Fig 1.3 — The same request expressed at three levels of structure, from exploratory prompt to deterministic playbook.
  • Level 1, prompts. Ad hoc interactions to speed up data engineering and governance. For example, an ad hoc prompt to understand the potential root causes of an issue.
  • Level 2, skills. Key workflows packaged as reproducible skills. For example, a way to generate triage and data quality reporting across the team.
  • Level 3, playbooks and agents. Structured playbooks, often with governance tooling and orchestration. For example, a background agent running workspace analytics on customer issues each evening.
Chapter 02
02

Prompting

Ad hoc MCP use, one question at a time.

01Choosing your LLM tool
02Writing good prompts
03Extend and chain MCPs to automate workflows
04Limitations of prompting
05Managing permissions and data access
Prompting

Choosing your LLM tool

You're already using prompts in tools like ChatGPT, Claude Desktop, and likely also to engage with coding tools such as VSCode or Cursor.

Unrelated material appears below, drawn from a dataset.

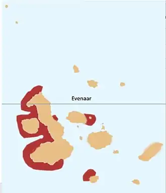 | Verspreiding van de galapagospinguïn. Rood: zeegebied waarin de penguïn foerageert. De evenaar is op de kaart aangegeven. | |||||||||||||

There are two main interfaces you'll typically use to engage with MCPs, code editors and chat interfaces.

Code editors such as Cursor and Claude Code, versus chat interfaces such as OpenAI and Claude Desktop
Fig 2.1 — Two main interfaces for working with MCPs: code editors and chat interfaces.

For use cases such as data modeling, you're most likely using a code editor while for ad hoc exploration, a chat interface often works best. It's worth considering the user experience for both, especially if you start developing tools and skills used by a wider audience.

Writing good prompts

A good prompt gives the model enough structure to be reliable without specifying every detail.

What a good prompt includes

You do not need all of these every time, but naming them removes guesswork.

  • A role lets the model answer at the right level. "You are a data governance lead working in Coalesce" pulls more careful answers than no role at all.
  • A goal works best stated as the outcome you want rather than the steps to reach it.
  • Constraints are the rules the model has to respect, like leaving passthrough columns untested or keeping Tier-1 coverage capped.
  • An output format makes the result land in a shape you can use, whether that is a model file, a set of tests, or a short table.

Finding the right balance

Below are three examples of prompts to add tests to a data source - one that's too specific, one that's too broad, and one that strikes the right balance.

Too specific

Add not_null tests on trip_id, vehicle_id, and trip_start_time to the raw_trips table. Enforce unique on trip_id. Use accepted_values for vehicle_type restricted to car, bike, scooter. Include a freshness test with a 4-hour SLA and a row-count anomaly monitor allowing a 2% deviation

It names every test, threshold, and column. There's no room for judgement and assumes that you got everything right in the first go.
Too vague

Add tests to make sure data looks correct and updates as expected. You can add some checks for missing values or old data. Start simple and add more coverage as your data processes become more stable.

No specifics, so the output is generic and you end up doing the real thinking yourself.
Just right

Add tests to the table raw_trips. If something is already tested at the source (for example not null, unique) and the column is passthrough, with no transformations or joins, do not apply the same test again downstream. Prefer table stats monitors over freshness monitors. Add a comment for why each test exists, and whether it should be removed if the column is passthrough.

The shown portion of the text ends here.